Contraditoriamente os corpos das mulheres, que sustentam essas jornadas de trabalho, é considerado frágil e muitas vezes sem habilidades para determinadas funções no mundo do trabalho produtivo. Uma mulher grávida que faz trabalho remunerado e não remunerado sustenta em seu corpo três processos de trabalho cotidiano. A reprodução biológica é unicamente possível de se realizar no corpo de uma mulher. Independentemente do fato, de que existam mulheres que não querem engravidar ou que não tenham condições físicas de engravidar. Pensar a autonomia física em um contexto de intensa dominação, exploração e apropriação dos corpos dos sujeitos que trabalham, que reproduzem e vivem a sexualidade, não como dimensões separadas da sua existência social, mas como dimensões integradas na totalidade da sua existência, que se materializam nas práticas da vida cotidiana, é uma necessidade e um desafio para a teoria e para a pratica política feminista e para a formulação de políticas públicas. Esta estrutura material, o corpo, é o lugar no qual habita o sujeito e nele estão também a capacidade de pensar e agir no mundo, a capacidade de trabalhar de gestar outros seres humanos, de sentir alegria, prazer e de sofrer.
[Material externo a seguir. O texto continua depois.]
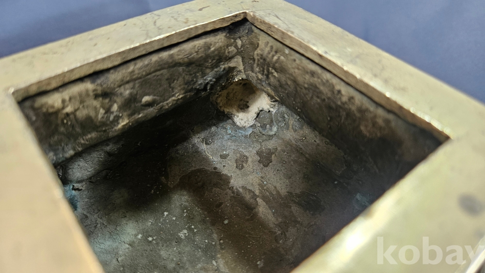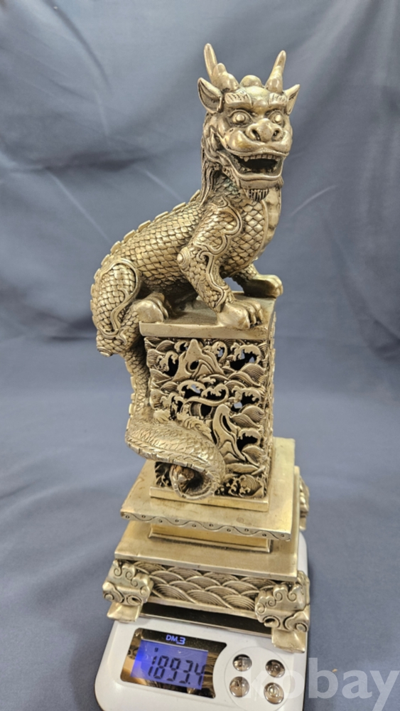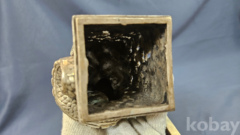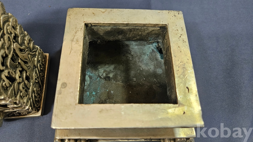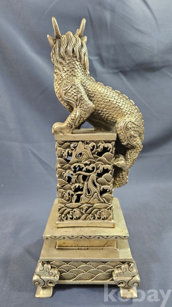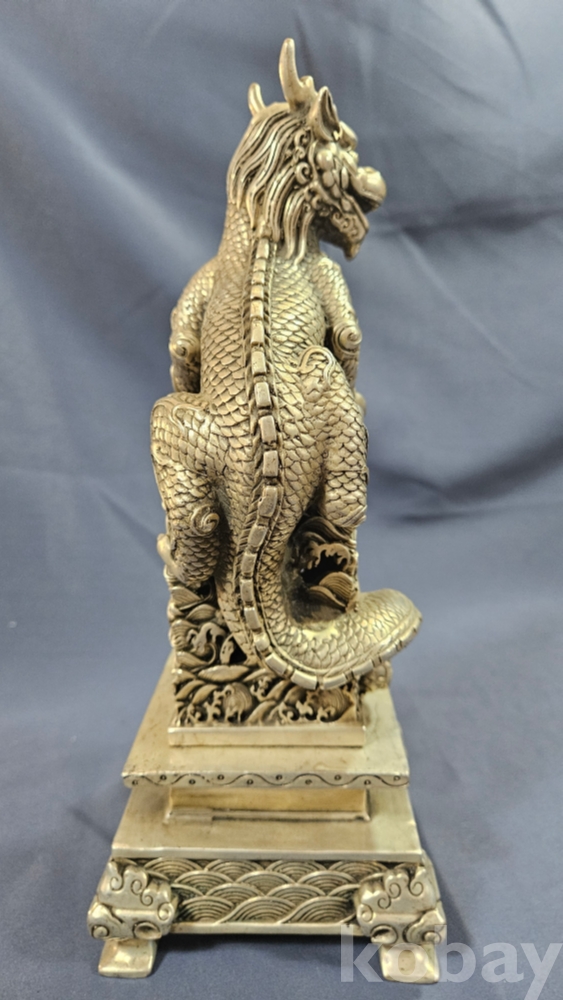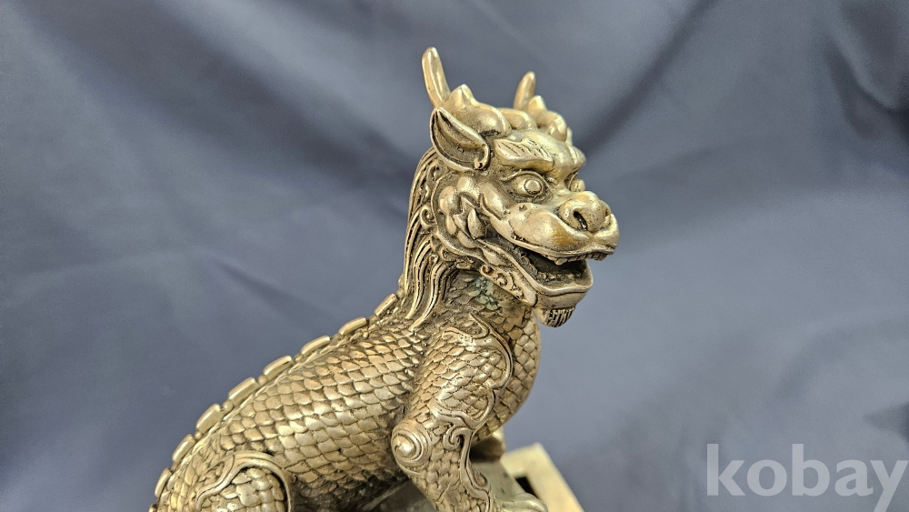 커다란 고대동물이 앉아있는 모습의 큼직한 백동 향로입니다.
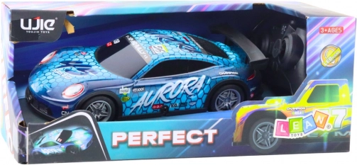 RC dirkalni avto 27 MHz s svetlečo karoserijo, moder. Trpežni materiali, preprosto upravljanje naprej/nazaj in levo/desno. Zabava doma in na prostem.
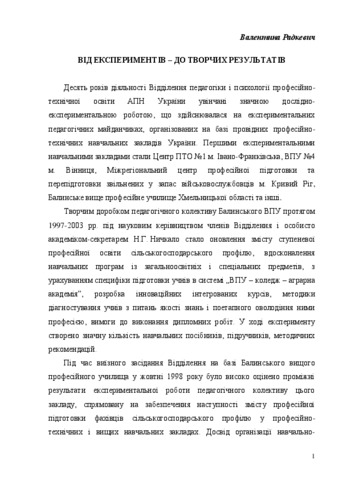 - Радкевич, В.О. (2007) From experiments – to creative results Професійно-технічна освіта, 4 (37). pp. 14-15.
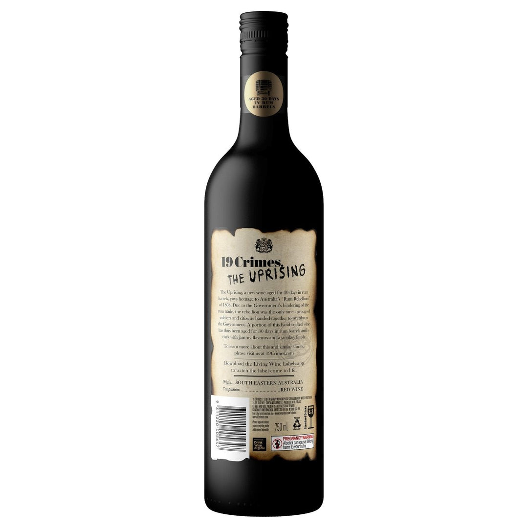 19 Crimes The Uprising Red Wine has been aged for 30 days in rum barrels, leaving it dark with jammy flavours and a smokey finish.
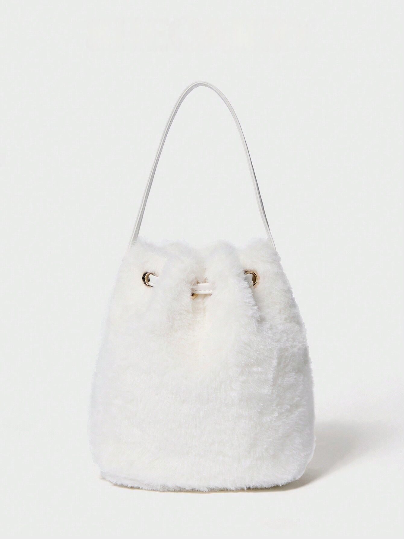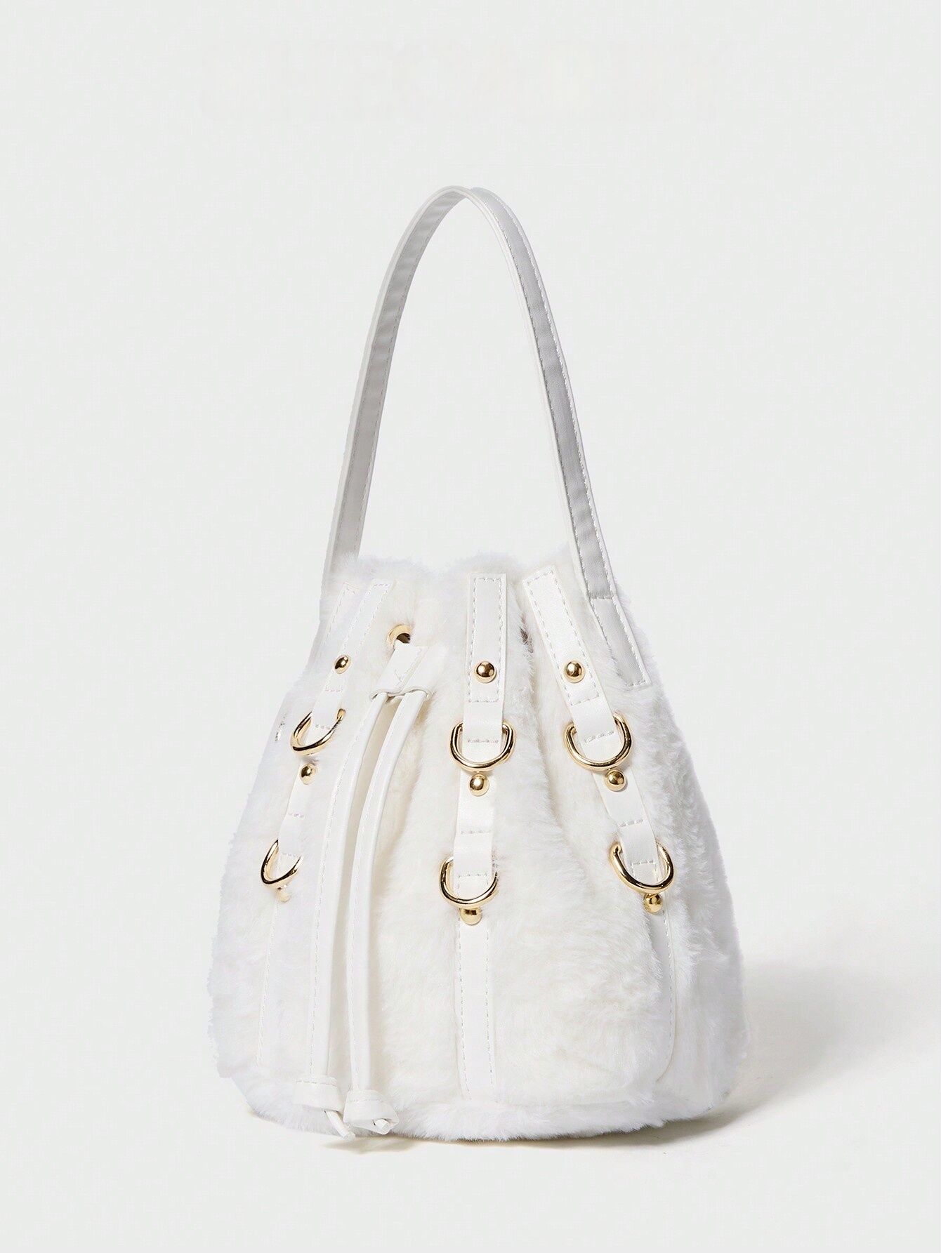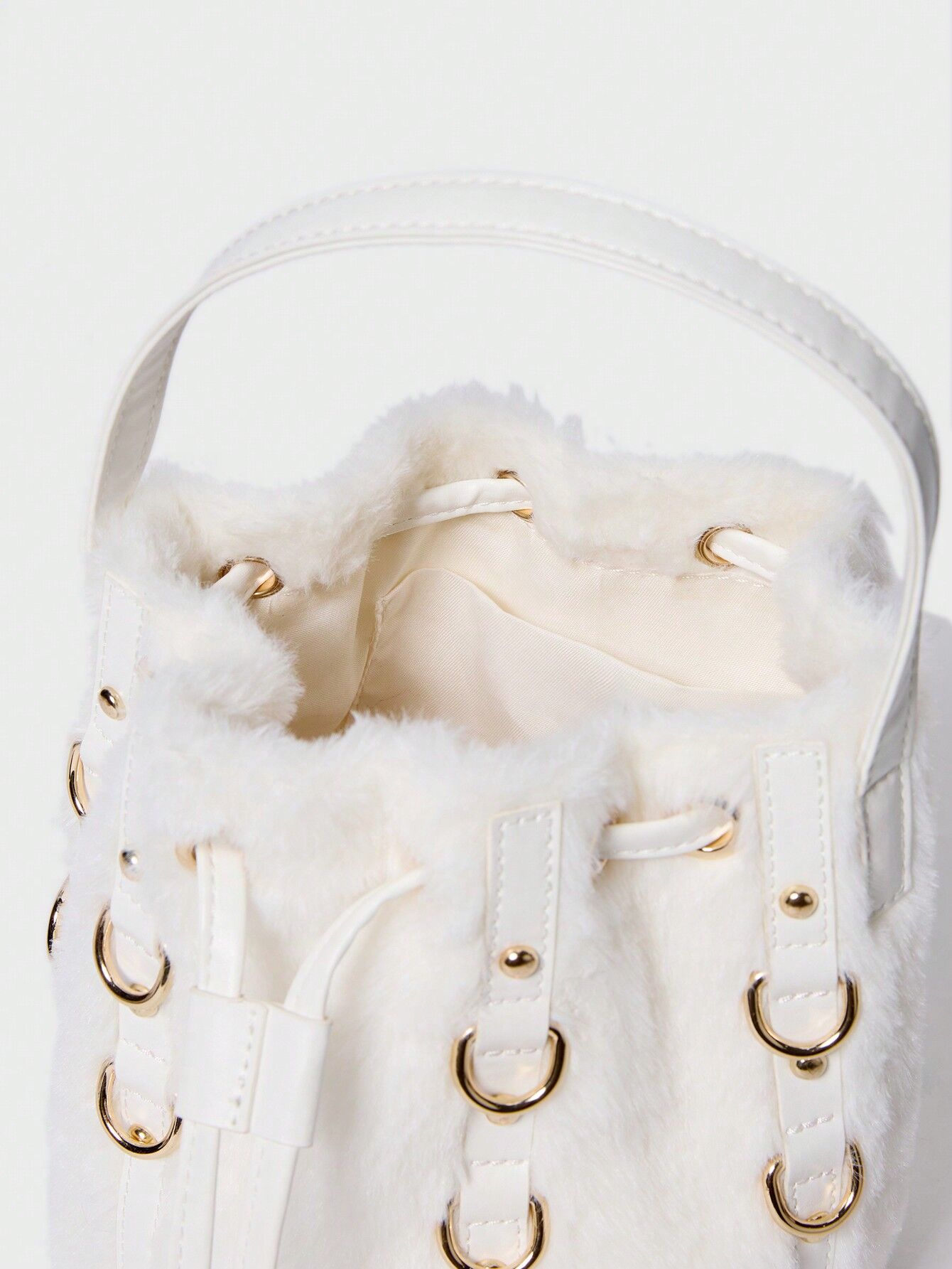 Wholesale Lady Designed Gold Metal Buckle Decorative Plush Leather Splicing Bucket Bag Drawstring Handbag Evening Bag for Women
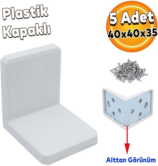 Mobilya Dolap Askı Elemanı Montaj Bağlantı Sabitleme Demiri Beyaz L Demir Köşebent Gönye 40x40x35 mm (5 ADET)
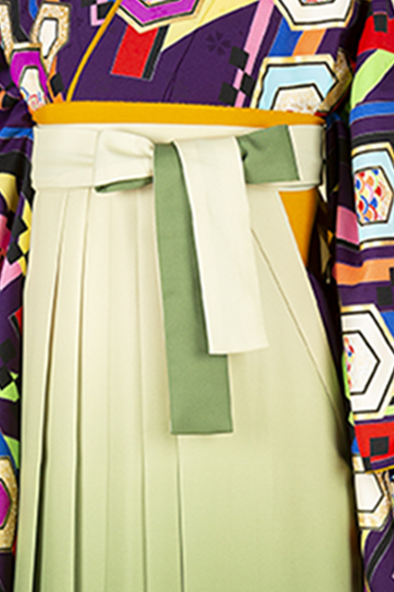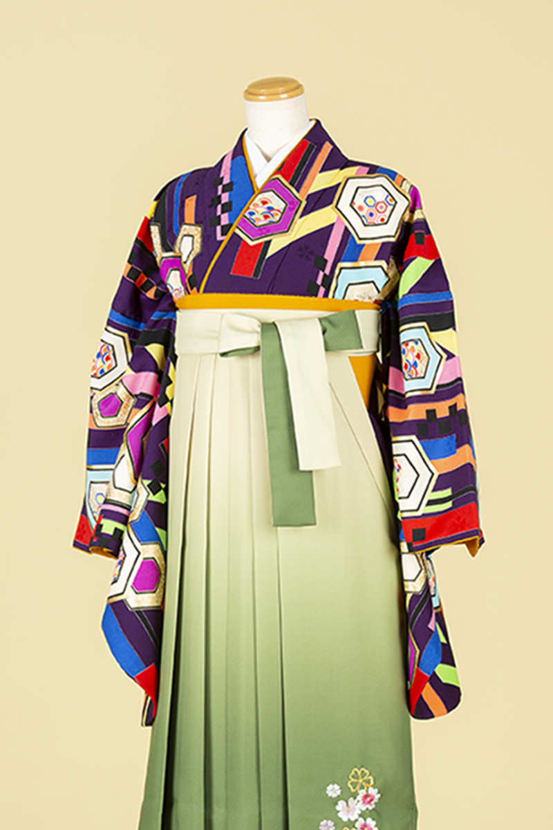 【WEB限定】【二尺振袖&袴セット】TBH-12 亀甲文様紫+緑刺繍袴
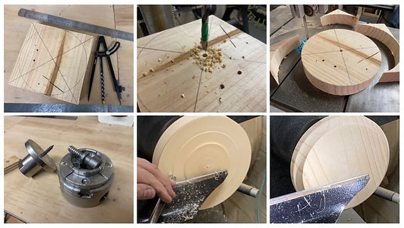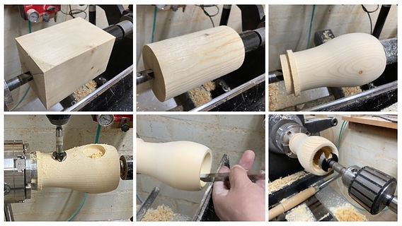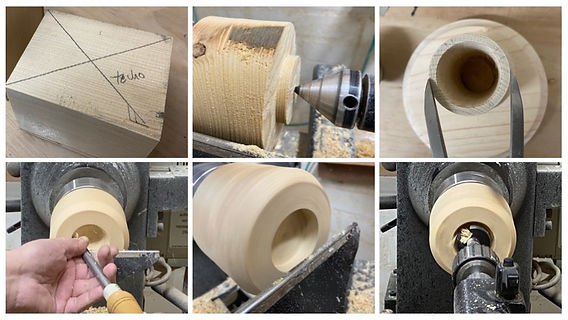 Podemos realizar las perforaciones de encajes y vaciado para el cuerpo y el techo opcionalmente fuera del torno, si contamos con brocas de paleta o forstner. Si fuese el caso, necesitarán por ejemplo dos brocas: de 50 mm para el encaje del techo y el cuerpo, así como la pestaña que encajará la base del cuerpo con en el porta incienso, y otra de 40 mm para el vaciado del cuerpo, y el pequeño vaciado del techo.
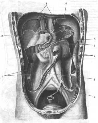 1 — переход брюшины на восходящую ободочную кишку, 2 — правая треугольная связка (Ид. triangulare dextrum), 3 — венечная связка (lig. coronarum), 4 — левая треугольная связка (Ид. triangulare sinistrum), 5 — диафрагмально-ободочная связка (lig. phrenicocolicum), 6 — брыжейка поперечной ободочной кишки (mesocolon transversum), 7 — переход брюшины на нисходящую ободочную кишку, 8 — брыжейка тонкой кишки (mesenterium), 9 — брыжейка сигмовидной кишки (mesocolon slgmoideum). (Из: Синельников Р.Д. Атлас анатомии человека. — М., 1972.—Т. II.)
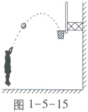 例 122 [辽宁 2023·1]某同学在练习投篮,篮球在空中的运动轨迹如图 1 - 5 - 15 中虚线所示,篮球所受合力 $ F $ 的示意图可能正确的是( )
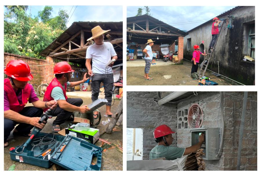 前宅村是鼎晟能源集团青狮潭水力发电公司供电服务对象。8月9日晚该村突降大雨,村民阳大哥家电表因遭受雷击造成短路停电。次日一大早,党员志愿者分两个小组进村服务,一组志愿者迅速为村民阳大哥家修复损坏线路,更换新电表,及时恢复村民家庭用电,并为村办用电企业进行电力线路、供电设备及计量装置的安全检查,及时消除用电安全隐患。
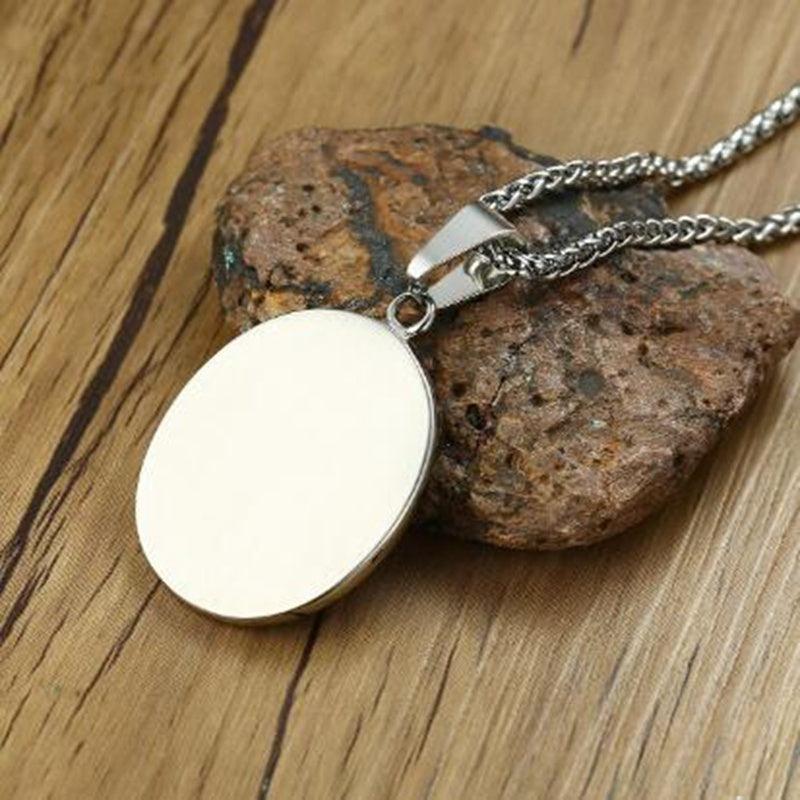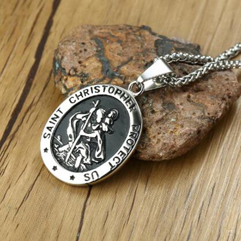 This classic St Benedict pendant necklace is a religious amulet that features an intricate design. It is a meaningful and stylish accessory for men.
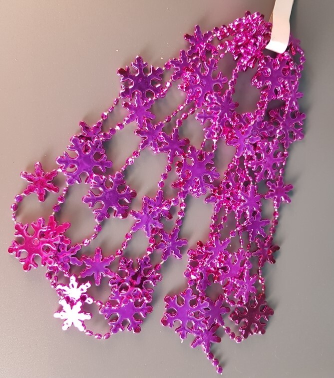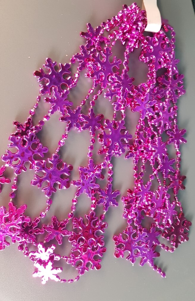 !09 НАБОР 3 ШТУКИ - ЕЛОЧНОЕ УКРАШЕНИЕ MARKO FERENZO - БУСЫ "СНЕЖИНКИ" 2,7 М., ЦВЕТ ФУКСИЯ
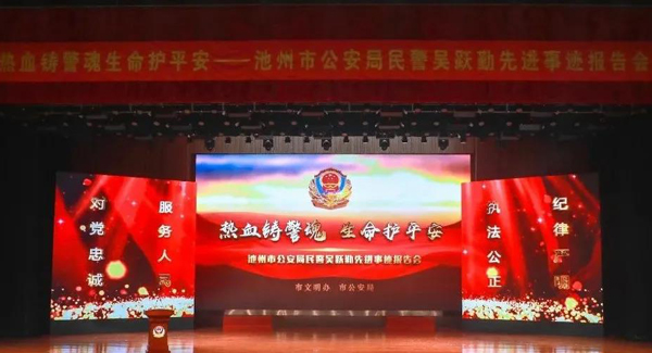 10月20日下午,由安徽省池州市文明办、池州市公安局举办的因公牺牲民警吴跃勤同志先进事迹报告会,在池州市委党校大型报告厅举行。

A autonomia, do meu ponto de vista, não é nem um patamar fixo que se alcança, nem um somatório de autonomias específicas. Se constrói como um processo dialético na relação direta entre autonomia individual e processos coletivos de transformação. Por outro lado, cada sujeito em particular constrói, como parte da construção de si mesma, os meios individuais para alcançar graus de autonomia que variam de acordo com as possibilidades e os limites que enfrenta na sua trajetória sempre situada em contextos e correlações de forças determinados. Além dos fatores objetivos a autonomia implica uma dimensão subjetiva. Um processo interior de aquisições e superações dos efeitos da dominação de classe, de raça e de gênero e de violências heterossexista, eugenista e xenófoba. Implica a superação de uma concepção hegemônica e mercadológica de autonomia baseada no individualismo e em uma, suposta, autossuficiência do ser no mundo.

Veja aqui a íntegra da apresentação.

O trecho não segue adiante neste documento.